Intel releasing software to help sell its hardware is nothing new, just look at the Intel C and C++ Compilers. However, Graph Builder looks quite interesting and R just took another step forward in displacing all previous statistical tools.

Also, two other new Hadoop distributions premiered this week:

  1. Hortonworks Data Platform (HDP) 1.1 for Windows 
  2. EMC/Greenplum Pivotal HD

which join the early incumbents Cloudera and MapR. Even IBM has its own distribution as well (InfoSphere BigInsights). While I might have missed one or two distributions, the message is clear. If anyone doubted it before, Hadoop has become the standard and the 800 lb gorillas are getting into the action.

If you want some more details, check out this great post here.


Night of the Living Dead RDB

I agree with Tim O'Brien (and his aptly named talk: The Future of Relational (or Why You Can't Escape SQL) that SQL isn't going away despite all of the attention that No SQL datastores are receiving.  Just look at HIVE and the number of talks focused on speeding up HIVE queries.
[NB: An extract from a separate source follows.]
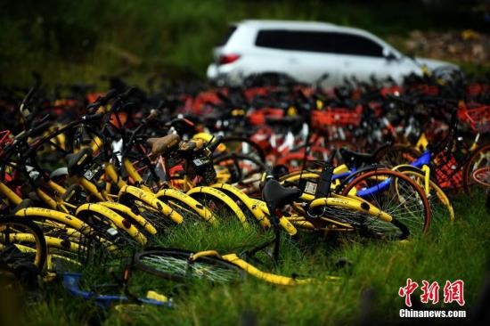 9月9日,現(xiàn)場堆積如山的共享單車。中新社記者 李進(jìn)紅 攝
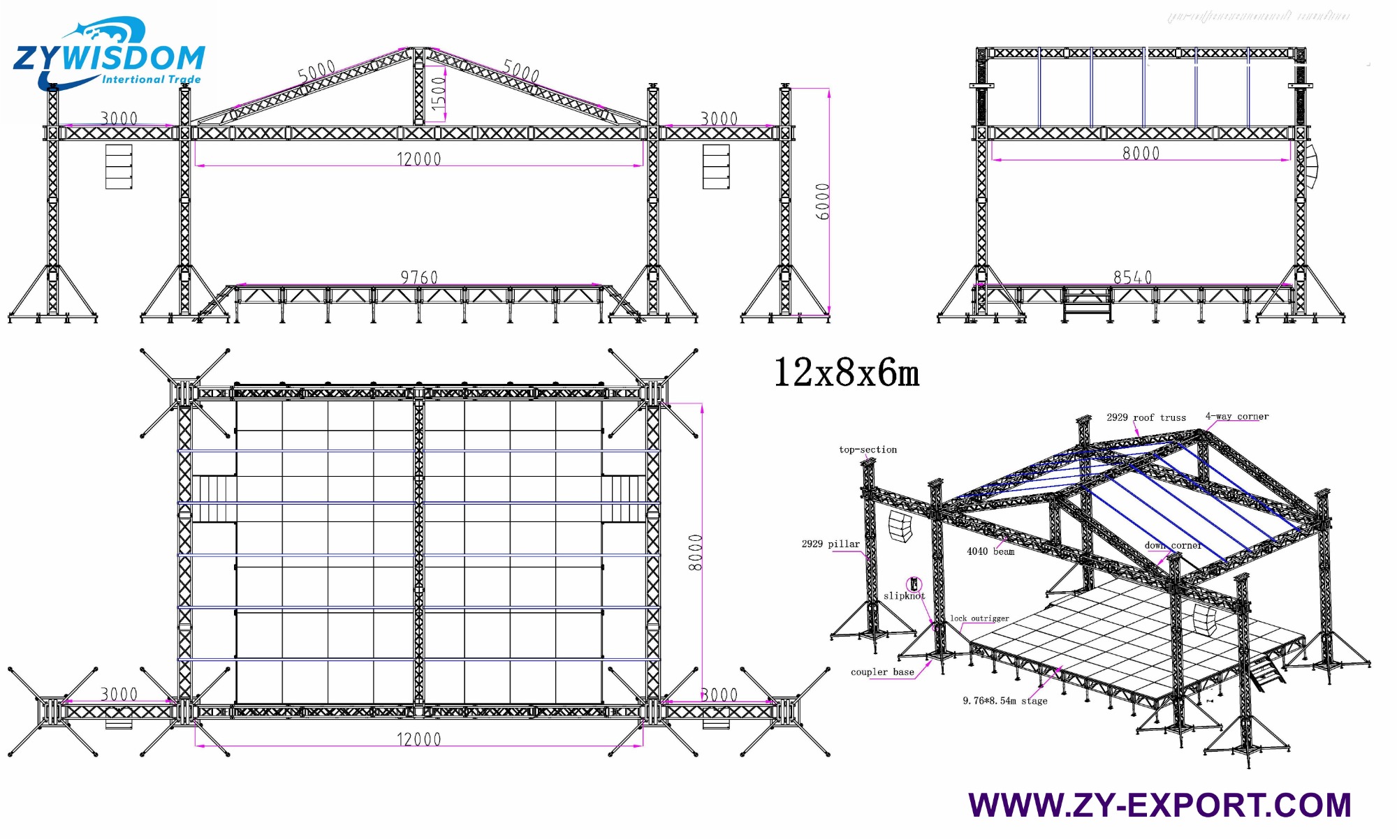 ZY International Eventos profesionales en interiores y exteriores, escenario y armazón personalizados de diferentes tamaños.

It would appear that there has been too much work done with relational databases and too many queries written and reports standardized for SQL to be replaced.

The final nail in the coffin was Google's talk on F1: The Fault-Tolerant Distributed RDBMS Supporting Google's Ad Business.

Many of the services that are critical to Google’s ad business have historically been backed by MySQL. We have recently migrated several of these services to F1, a new RDBMS developed at Google. F1 implements rich relational database features, including a strictly enforced schema, a powerful parallel SQL query engine, general transactions, change tracking and notification, and indexing. F1 is built on top of Spanner, a new globally-distributed synchronously-replicated storage system that scales on standard hardware in Google data centers. Spanner supports efficient externally-consistent distributed transactions and includes useful features like non-blocking read-only transactions and multi-versioned snapshot reads.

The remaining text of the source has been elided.